┌──

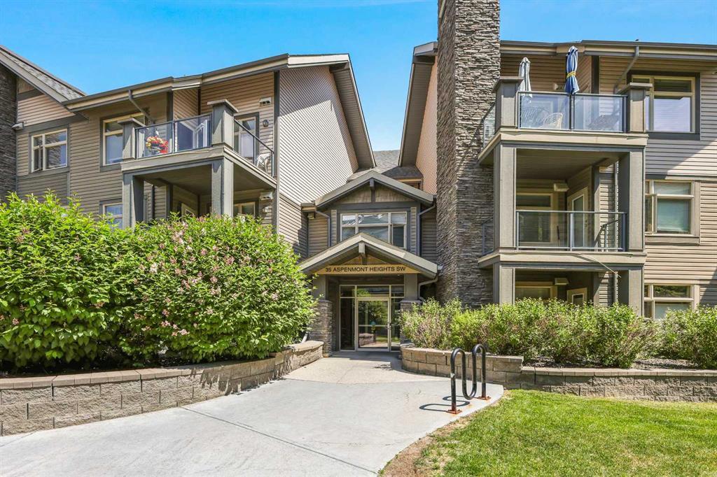 Welcome to Aspen. This charming 2-bedroom, 2-bathroom residence features a practical layout. The spacious kitchen is equipped with maple cupboards and expansive countertops. The master bedroom includes a 4-piece en-suite and two closets, while the second bedroom has direct access to the main washroom. Enjoy the convenience of in-suite laundry and a good-sized balcony, perfect for summer BBQs. The unit remains cozy in winter and cool in summer, facing east with a serene view of trees. Included are two titled underground heated parking stalls. Located in the desirable Valmont community of Aspen Woods, this meticulously maintained apartment offers a modern open-concept design. The kitchen showcases large countertops and abundant cabinetry, ideal for culinary endeavors. Both bedrooms are generously sized, with the primary bedroom featuring a luxurious en-suite with a soaker tub, and walk-through closets. Step out onto the balcony for peace and privacy amidst lush greenspace. The building amenities include a fitness center and guest suites. This prime location is within walking distance of Guardian Angel School and Aspen Landing shopping center, offering Safeway, Starbucks, dining options, and easy access to public transit, walking paths, and playgrounds. With proximity to West Side Rec Centre and convenient access to Stoney Trail, this home provides effortless connections to downtown, the airport, and the mountains. Don't miss out on the opportunity to call this exceptional apartment your new home. Contact us today to arrange a viewing!
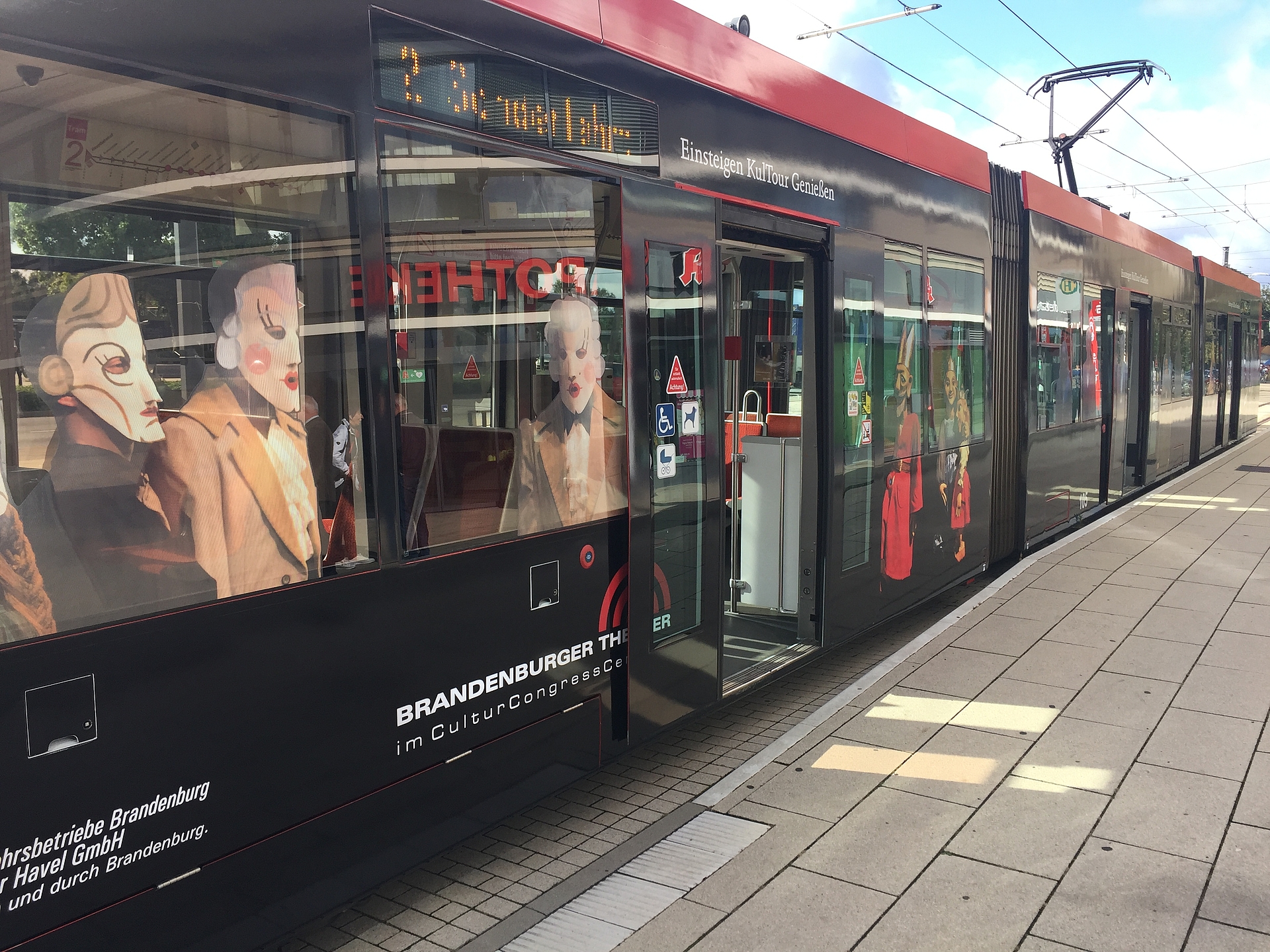 Kurz vor dem Festakt zum 200jährigen Jubiläum des Brandenburger Theaters am 5. Oktober 2017 nimmt die Brandenburger Theatertram ihre Fahrt auf. Oberbürgermeisterin Dr. Dietlind Tiemann und Klaus Deschner, Geschäftsführer der Brandenburger Theater GmbH, weihten feierlich am Freitag, 15.09.2017, und unter Begleitung der Brandenburger Symphoniker die Theater-Straßenbahn ein.
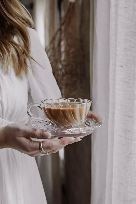 Elegant kopp med fat i klarglas – tidlös design med mjuka, böljande former
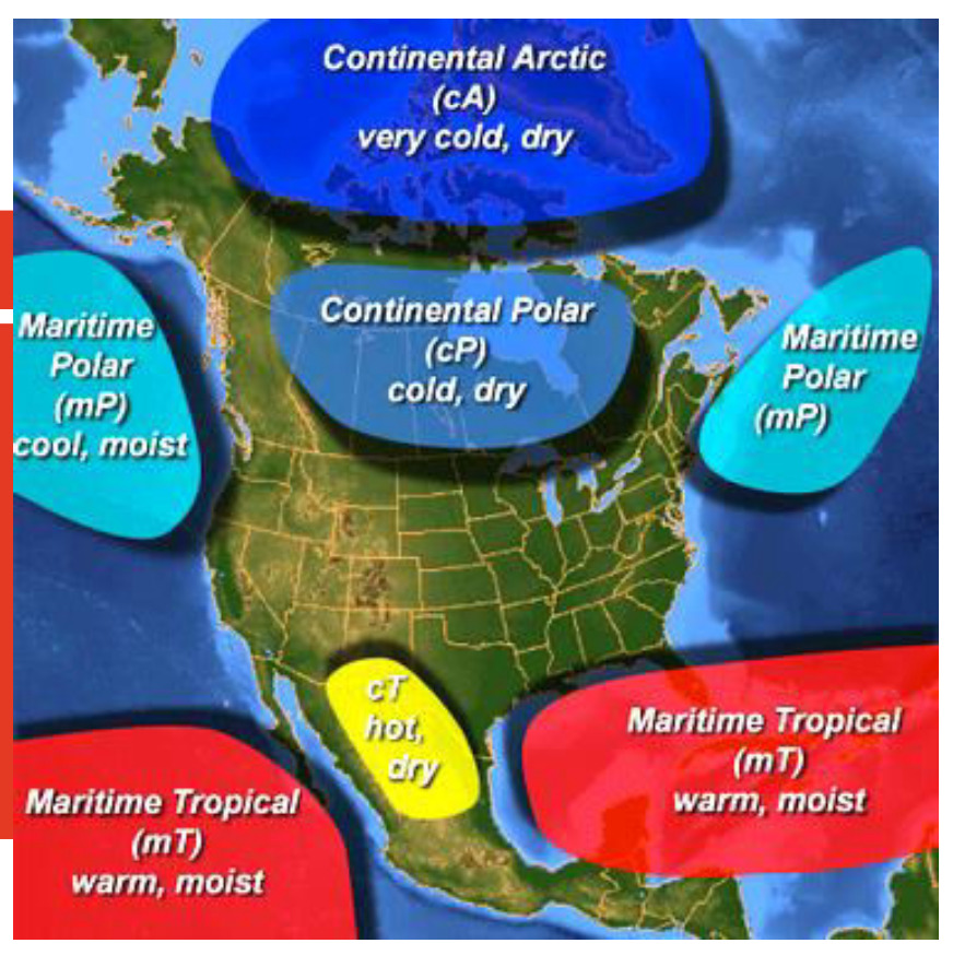 - Air mass T’s form within a warm, moist air mass, are in no way associate with fronts
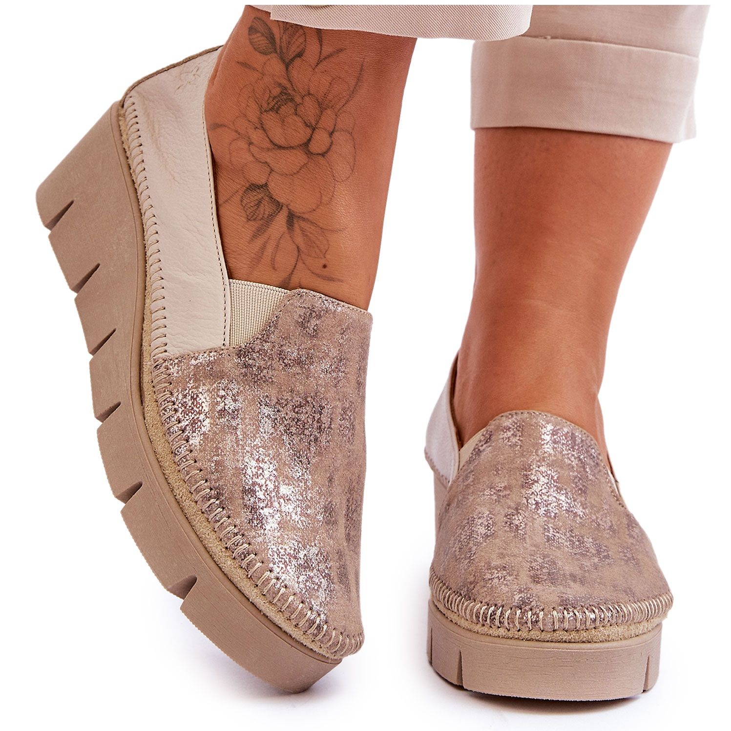 Adidași din piele pe Wedge Maciejka 5814A-10-BEIGE

└──

Directions for this task » Repeat every line above exactly, but omit all images.

Task answer »
 Welcome to Aspen. This charming 2-bedroom, 2-bathroom residence features a practical layout. The spacious kitchen is equipped with maple cupboards and expansive countertops. The master bedroom includes a 4-piece en-suite and two closets, while the second bedroom has direct access to the main washroom. Enjoy the convenience of in-suite laundry and a good-sized balcony, perfect for summer BBQs. The unit remains cozy in winter and cool in summer, facing east with a serene view of trees. Included are two titled underground heated parking stalls. Located in the desirable Valmont community of Aspen Woods, this meticulously maintained apartment offers a modern open-concept design. The kitchen showcases large countertops and abundant cabinetry, ideal for culinary endeavors. Both bedrooms are generously sized, with the primary bedroom featuring a luxurious en-suite with a soaker tub, and walk-through closets. Step out onto the balcony for peace and privacy amidst lush greenspace. The building amenities include a fitness center and guest suites. This prime location is within walking distance of Guardian Angel School and Aspen Landing shopping center, offering Safeway, Starbucks, dining options, and easy access to public transit, walking paths, and playgrounds. With proximity to West Side Rec Centre and convenient access to Stoney Trail, this home provides effortless connections to downtown, the airport, and the mountains. Don't miss out on the opportunity to call this exceptional apartment your new home. Contact us today to arrange a viewing!
 Kurz vor dem Festakt zum 200jährigen Jubiläum des Brandenburger Theaters am 5. Oktober 2017 nimmt die Brandenburger Theatertram ihre Fahrt auf. Oberbürgermeisterin Dr. Dietlind Tiemann und Klaus Deschner, Geschäftsführer der Brandenburger Theater GmbH, weihten feierlich am Freitag, 15.09.2017, und unter Begleitung der Brandenburger Symphoniker die Theater-Straßenbahn ein.
 Elegant kopp med fat i klarglas – tidlös design med mjuka, böljande former
 - Air mass T’s form within a warm, moist air mass, are in no way associate with fronts
 Adidași din piele pe Wedge Maciejka 5814A-10-BEIGE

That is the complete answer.